Task directions » Return the records from the first line through the line containing "Transitional counter height", and leave out the pictures.

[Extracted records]
========
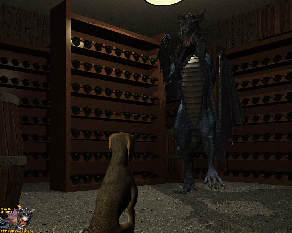 Das Bild ist mit Cinema4D (Flaschen, Regale, Fässer und die Lampe oben, von der man aber nicht mehr viel sieht :p030:), Poser5 (Drache und Hund) und Bryce5.5 (Texturen, Szene und Licht) entstanden.
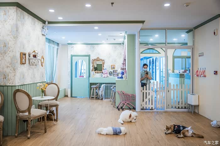 店里是分成了两个区域,一个是纯狗狗的区域,另一个就是包括猫猫羊驼什么的。店内的布景很温馨,黄绿主色,让人觉得很舒服。小动物们都是趴地上或者椅子桌子上,很可爱。虽然小动物很多,但是几乎没什么异味。
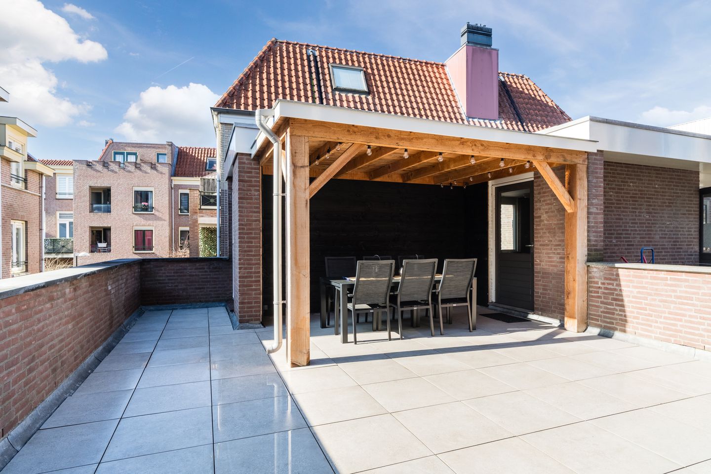 Aan de voorzijde bevindt zich direct het indrukwekkende dakterras van 42 m². Een ideale plek om te ontspannen of gasten te ontvangen.
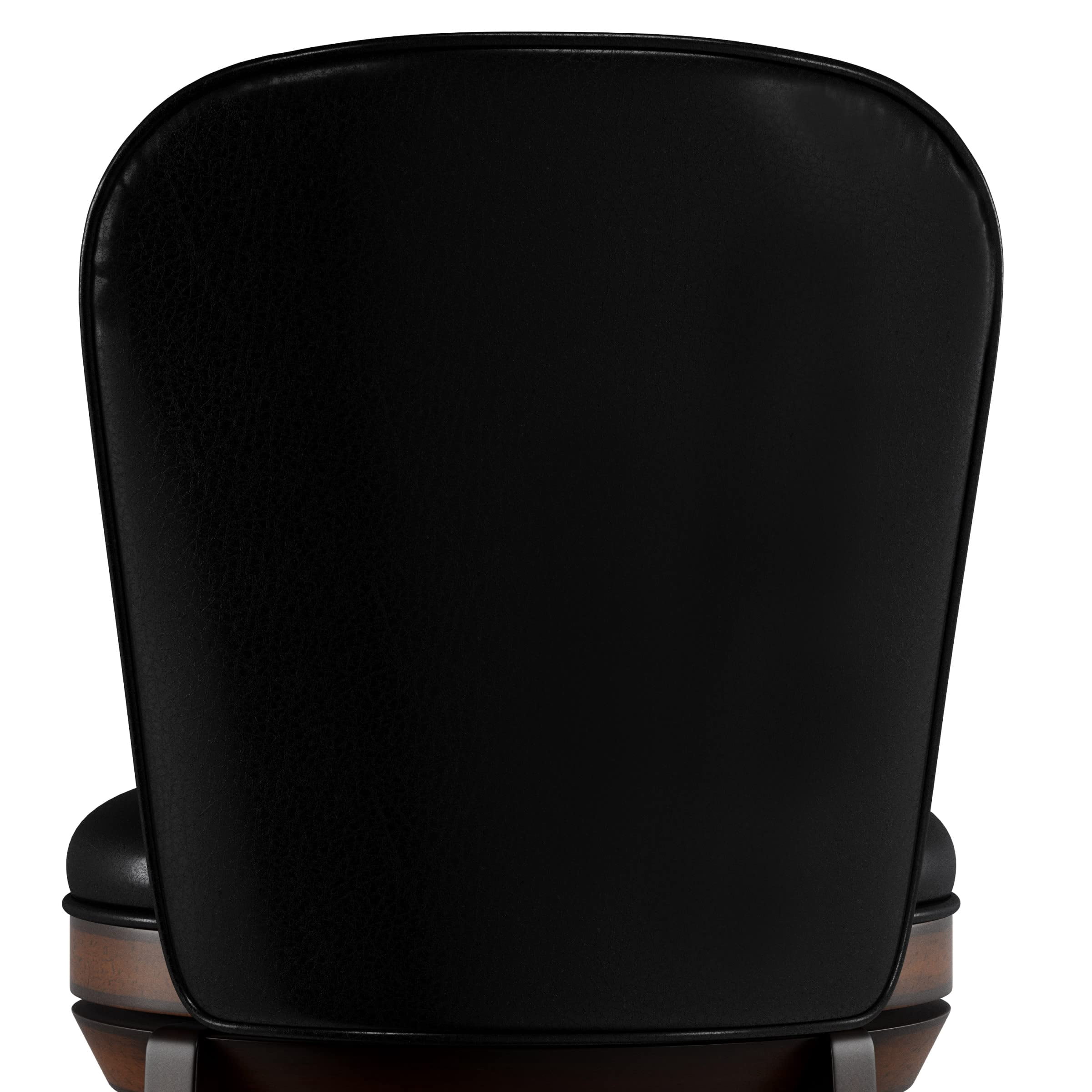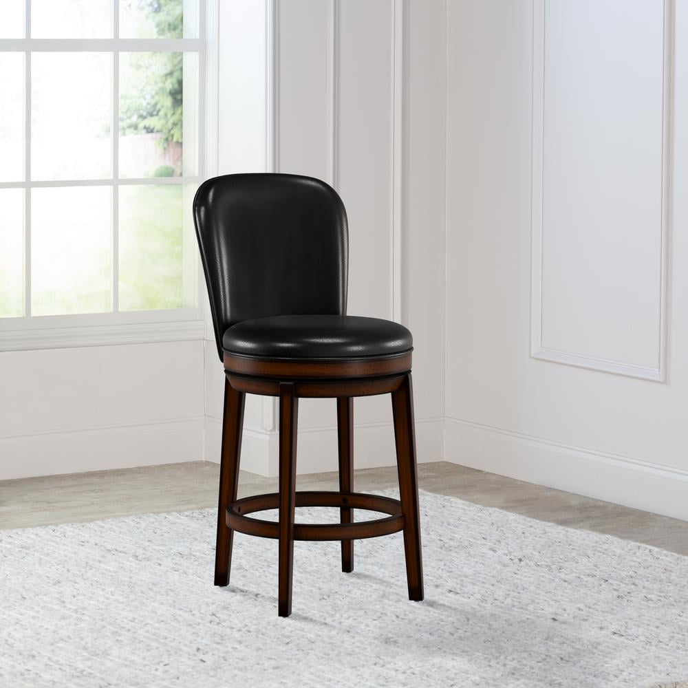 Transitional counter height stool in a dark walnut finish Swivel seat and back fully upholstered in black faux leather Constructed with rubberwood and plywood for durable usage Overall Dimensions: 42H x 19.5W x 23D; Seat Height: 26H Assembly required Ships one stool in one box Works best with counters or tables that are 34-38 inches in height Spot or wipe clean Recommended weight limit: 250lbs For residential use only
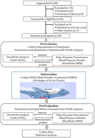 Based on the inclusion criteria and exclusion criteria, this study included 20 voluntary participants. All participants accepted the research terms and signed a consent form before the experiment. Pre-evaluation information, participants’ characteristics (age, body height, body weight, waist circumstance, hip circumstance, body mass index, and waist-hip ratio), and noninvasive and quantitative hemodynamic measurements were collected and taken. The intervention of WBPA-V-160 was performed with a moving distance, from headward to footward, of 2 mm, with 4 ± 0.1 Hz 0–0.8 G periodic motion for 30 min. A post-evaluation, taking noninvasive and quantitative hemodynamic measurements, was performed 5 min after the WBPA-V-160 intervention. The CONSORT flow chart for this study is shown in Figure 3.
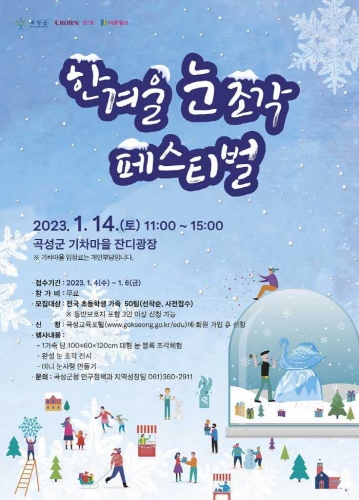 곡성군(이상철 군수)이 오는 14일에 곡성 섬진강 기차마을 잔디광장에서 ‘한겨울 눈 조각 페스티벌’을 개최한다고 밝혔다.
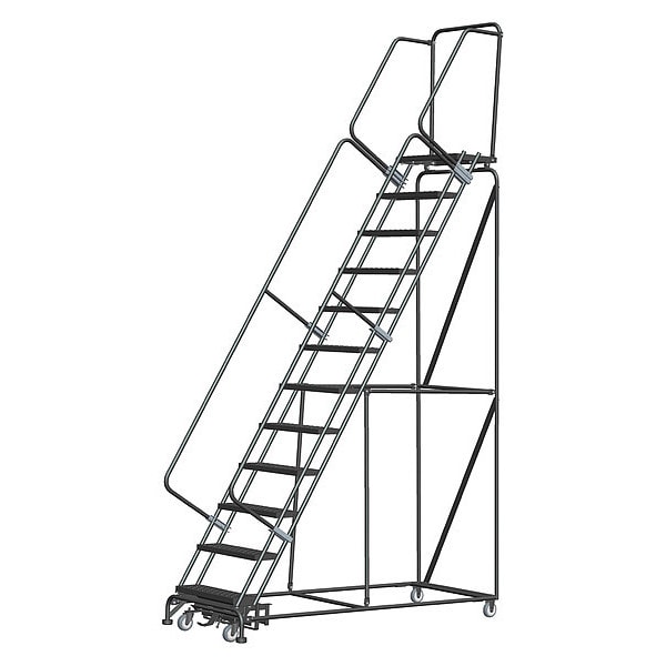 Rolling Ladder, Material Steel, Platform Height 10 ft, Handrails Included Yes, Handrail Height 2.5 ft, Overall Height 12.8 ft, Number of Steps 12, Assembled, Load Capacity 450 lb, Step Tread Serrated, Platform Depth 14 in, Platform Width 24 in, Bottom Width 32 in, Base Depth 87 in, Overall Width 32 in, Climbing Angle 59 Degrees , Step Depth 7 in, Step Width 24 in, Ladder Actuation Weight Activated Step Lock, Finish Powder Coated, Color Gray, Standards ANSI, OSHA Compliant
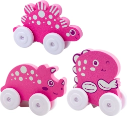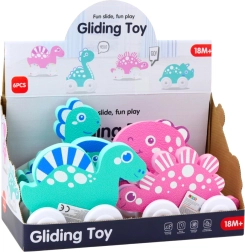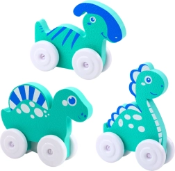 Barviti dinozavri na kolescih so zasnovani za otroško zabavo. Imajo prijazen videz, zaobljene oblike in pastelne barve, ki spodbujajo domišljijo. Zahvaljujoč kolesom se igrače zlahka premikajo, lahka konstrukcija pa omogoča, da jih otrok preprosto potiska in vzame s seboj kamorkoli.
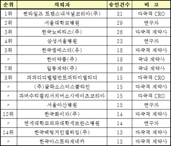 ½Å¾à °³¹ßÀ» À§ÇØ °¡Àå ¸¹Àº ÀÓ»óÀ» ½ÅûÇÑ ±¹³» Á¦¾à»ç´Â Çѹ̾àǰ, ´Ù±¹Àû»ç´Â Çѱ¹³ë¹ÙƼ½º¿´´Ù.[Ç¥]
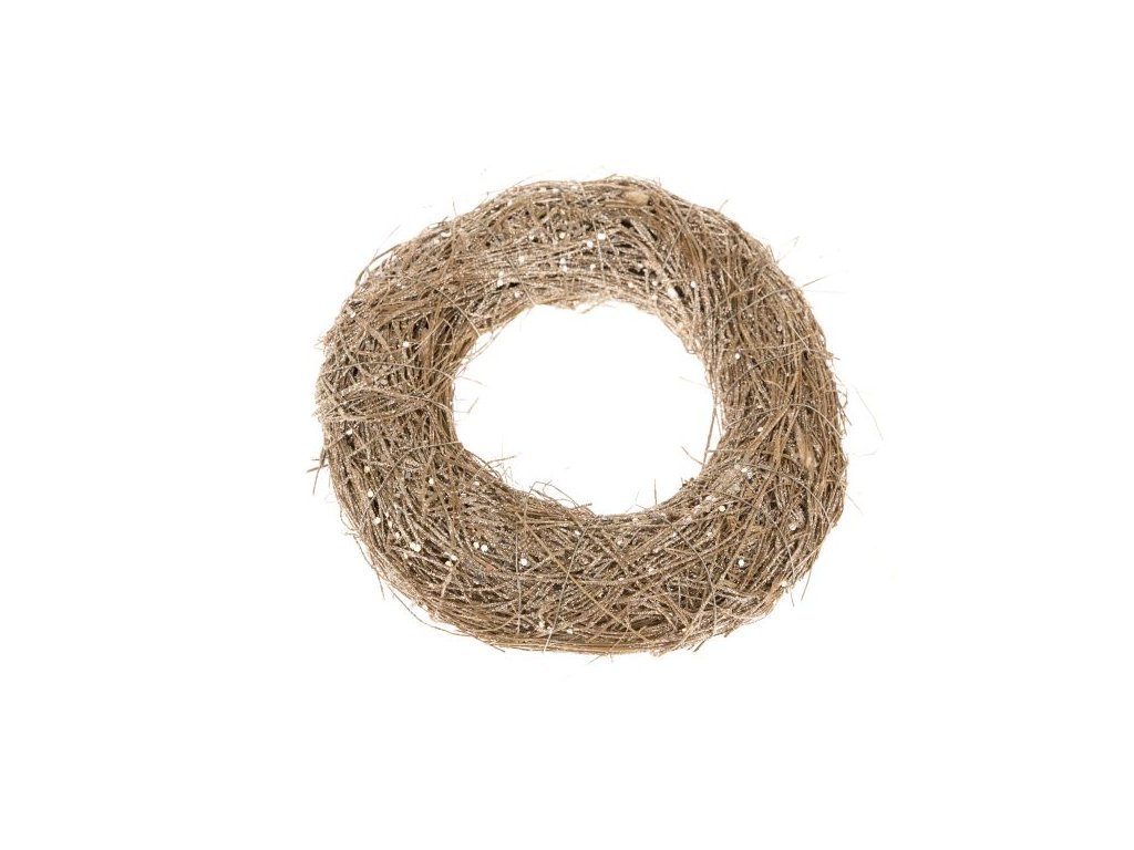 Jemný větvičkový věnec silně zlacenýs třpytkami.Rozměr: pr. 20 cm
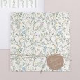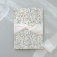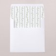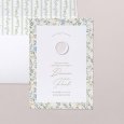 Deze uitnodiging is een vierkante vouwkaart met een hoesje aan de linker binnenkant. Het bijhorende inlegkaartje kan in het hoesje worden geschoven.
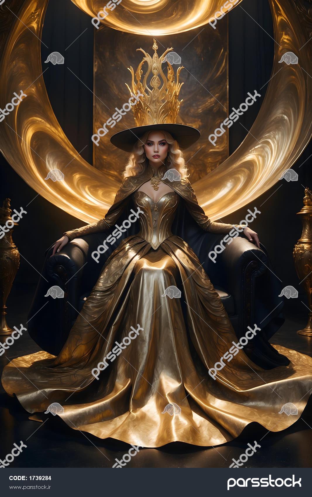 زن نشسته بر صندلی سلطنتی با تاج و شنل، لباس طلایی فاخر با جزئیات لوکس پرتره زن سلطنتی با تاج پردار طلایی و لباس مجلسی مشکی و طلایی در بکگراند لاکچری زن نشسته بر تخت سلطنتی طلایی با لباس شب مشکی و طلایی، عکس باکیفیت لوکس تصویر زن با لباس پرنسسی دامن پفدار طلایی و مشکی، لباس بالماسکه با تاج پر در سالن مجلل زن نشسته بر تخت سلطنت طلایی با لباس شب مشکی و تزئینات طلایی، عکس فشن لاکچری تصویر فشن زنانه در عمارت با لباس بالماسکه و کلاه، ترکیب رنگ طلایی و مشکی سلطنتی مدل زن با لباس مجلسی مشکی و طلایی دکلته و کلاه، لباس شب سلطنتی با برش بلند و پارچههای مواج پرتره ملکه بلوند با تاج و گردنبند سنگ قرمز، بانوی سلطنتی با لباس آبی و طلایی تصویر زن اشرافی با لباس مجلسی طلایی و مشکی دراماتیک، پسزمینه لوکس طلایی فرشته باوقار با تاج و بالهای طلایی در لباس مجلسی سلطنتی نمایش همه
========
Reply to the task »
 Das Bild ist mit Cinema4D (Flaschen, Regale, Fässer und die Lampe oben, von der man aber nicht mehr viel sieht :p030:), Poser5 (Drache und Hund) und Bryce5.5 (Texturen, Szene und Licht) entstanden.
 店里是分成了两个区域,一个是纯狗狗的区域,另一个就是包括猫猫羊驼什么的。店内的布景很温馨,黄绿主色,让人觉得很舒服。小动物们都是趴地上或者椅子桌子上,很可爱。虽然小动物很多,但是几乎没什么异味。
 Aan de voorzijde bevindt zich direct het indrukwekkende dakterras van 42 m². Een ideale plek om te ontspannen of gasten te ontvangen.
 Transitional counter height stool in a dark walnut finish Swivel seat and back fully upholstered in black faux leather Constructed with rubberwood and plywood for durable usage Overall Dimensions: 42H x 19.5W x 23D; Seat Height: 26H Assembly required Ships one stool in one box Works best with counters or tables that are 34-38 inches in height Spot or wipe clean Recommended weight limit: 250lbs For residential use only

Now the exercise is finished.